WASHINGTON — The U.S. population has reached an all-time high and Texas was the big winner among eight states that will gain seats in Congress, according to the first data released from the 2010 census.

Commerce Secretary Gary Locke delivered the first results of the 23rd national census to President Barack Obama on Tuesday morning. The decennial head count shows that the official U.S. population is 308,745,538, nearly 10 percent larger than the 2000 census total of 281,421,906.

The 9.7 percent population growth rate from 2000 to 2010 was the second lowest of the last century, trailing only the 7.3 percent growth from 1930 to 1940, the height of the Great Depression.

Census Bureau Director Robert Groves couldn’t estimate the how much the current economic woes have contributed to the last decade’s slow rate of growth. But William Frey, a demographer with the Brookings Institution, a research center in Washington, said the economy was a key factor in slowing the growth of legal and illegal immigrants since 2006.

“The housing market crashed, jobs were hard to come by and people stopped coming,” Frey said of many immigrants.

Groves said that an estimated 60 percent of the 27.3 million new U.S. residents since 1990 were the products of births to U.S. residents, while the rest stemmed from immigration. The census doesn't ask about a person’s legal status, so Groves had no estimate on the percentage of U.S. residents who are illegal immigrants.

Census data help determine how more than $4 trillion will be divided among state, local and tribal governments over the next 10 years. The findings also inform public policy decisions on transportation, public health, senior services and neighborhood improvements.

In addition to determining how much state and federal funding will go to individual communities for the next 10 years, 2010 census population figures determine which states will gain or lose seats in Congress.

Texas added nearly 4.3 million residents from 2000 to 2010, and that 21 percent growth rate will give the Lone Star State four new members of Congress.

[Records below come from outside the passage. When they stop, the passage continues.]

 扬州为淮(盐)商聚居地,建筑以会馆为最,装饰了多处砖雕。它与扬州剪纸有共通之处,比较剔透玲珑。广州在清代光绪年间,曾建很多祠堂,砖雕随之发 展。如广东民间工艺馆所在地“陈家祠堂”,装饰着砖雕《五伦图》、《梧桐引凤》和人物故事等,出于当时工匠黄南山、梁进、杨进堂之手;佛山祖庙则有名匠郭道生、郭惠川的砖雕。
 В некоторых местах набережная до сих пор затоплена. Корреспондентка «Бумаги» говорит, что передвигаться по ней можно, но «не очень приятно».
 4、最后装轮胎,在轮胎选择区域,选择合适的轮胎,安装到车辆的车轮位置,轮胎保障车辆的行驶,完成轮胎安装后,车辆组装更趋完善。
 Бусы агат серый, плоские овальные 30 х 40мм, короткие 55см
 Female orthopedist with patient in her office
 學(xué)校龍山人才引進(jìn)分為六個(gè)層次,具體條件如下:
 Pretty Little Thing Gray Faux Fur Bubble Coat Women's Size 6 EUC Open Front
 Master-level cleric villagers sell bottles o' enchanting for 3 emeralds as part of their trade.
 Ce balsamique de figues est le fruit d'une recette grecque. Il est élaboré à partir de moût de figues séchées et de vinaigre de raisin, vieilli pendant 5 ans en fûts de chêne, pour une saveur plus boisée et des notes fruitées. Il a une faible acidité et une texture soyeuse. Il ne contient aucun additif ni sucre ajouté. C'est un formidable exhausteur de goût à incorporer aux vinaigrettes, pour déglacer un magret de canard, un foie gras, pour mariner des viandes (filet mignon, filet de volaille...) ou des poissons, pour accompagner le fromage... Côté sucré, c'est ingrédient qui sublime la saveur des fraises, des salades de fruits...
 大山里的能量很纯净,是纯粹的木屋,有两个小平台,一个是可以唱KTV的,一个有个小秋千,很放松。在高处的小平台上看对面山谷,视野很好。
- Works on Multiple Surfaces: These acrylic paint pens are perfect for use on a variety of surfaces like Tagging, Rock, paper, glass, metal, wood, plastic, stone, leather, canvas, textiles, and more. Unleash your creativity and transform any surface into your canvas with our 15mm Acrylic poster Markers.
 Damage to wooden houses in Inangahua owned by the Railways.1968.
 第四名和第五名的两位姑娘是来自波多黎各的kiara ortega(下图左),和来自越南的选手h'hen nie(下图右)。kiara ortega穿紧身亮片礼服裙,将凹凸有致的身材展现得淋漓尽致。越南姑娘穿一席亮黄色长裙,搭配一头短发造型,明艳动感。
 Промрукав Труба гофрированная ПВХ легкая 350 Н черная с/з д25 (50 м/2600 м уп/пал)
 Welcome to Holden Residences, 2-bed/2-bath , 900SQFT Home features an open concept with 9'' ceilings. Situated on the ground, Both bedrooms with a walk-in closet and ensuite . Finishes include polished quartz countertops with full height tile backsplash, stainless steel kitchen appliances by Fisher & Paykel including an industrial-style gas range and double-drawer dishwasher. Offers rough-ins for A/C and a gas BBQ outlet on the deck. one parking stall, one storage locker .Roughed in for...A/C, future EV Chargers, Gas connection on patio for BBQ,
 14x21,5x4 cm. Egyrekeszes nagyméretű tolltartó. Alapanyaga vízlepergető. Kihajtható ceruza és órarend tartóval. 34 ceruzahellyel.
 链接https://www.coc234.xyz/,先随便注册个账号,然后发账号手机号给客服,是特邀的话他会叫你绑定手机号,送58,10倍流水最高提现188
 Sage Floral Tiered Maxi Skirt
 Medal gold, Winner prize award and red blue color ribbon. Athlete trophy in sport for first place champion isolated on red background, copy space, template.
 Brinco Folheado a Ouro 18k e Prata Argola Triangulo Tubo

Texas, which has added congressional seats for seven consecutive decades, joins Arizona, Florida, Georgia, Nevada, South Carolina, Utah and Washington as the states that will gain seats under the new congressional apportionment. Florida will add two seats, and the other states add one apiece.

The shift in the placement of congressional seats is likely to benefit Republicans, since most of the states that are gaining seats are GOP strongholds. In addition, President Barack Obama arguably will have a tougher road to re-election, since the reapportionment changes amount to a loss of six electoral votes in states that he carried in the 2008 election.

States that will lose one seat apiece because of population shifts are Illinois, Iowa, Louisiana, Massachusetts, Michigan, Missouri, New Jersey and Pennsylvania. New York and Ohio each will lose two seats.

Senator Bob Casey, D-Pa., said the loss of a congressional seat was “unwelcome news that continues a long string of Pennsylvania losing congressional seats.”

Rep. Patrick McHenry, R-N.C., expressed glee at the new balance of power.

“As states draw new congressional districts to reflect this shift, we will certainly see more Republicans in the U.S. House,” said McHenry, the top Republican on the subcommittee on Information Policy, Census and National Archives.

The population used for apportionment comprises the resident population of the 50 states, and overseas military and federal civilian employees and their dependents who live with them. Residents of the District of Columbia and Puerto Rico aren’t included because they have no voting seats in Congress.

California, which leads all states with 53 congressional seats, didn’t gain one for the first time in its history. Because of its high unemployment, budget problems and struggling housing market, Frey said California was becoming a “redistributor of population to the rest of the West” as people leave the Golden State for better economic opportunities in nearby states.

The population numbers reflect what demographers have known for decades: that people are leaving the ailing economies of the Midwest and the expensive Northeastern states for the warmer climates and better economic opportunities in the West and South.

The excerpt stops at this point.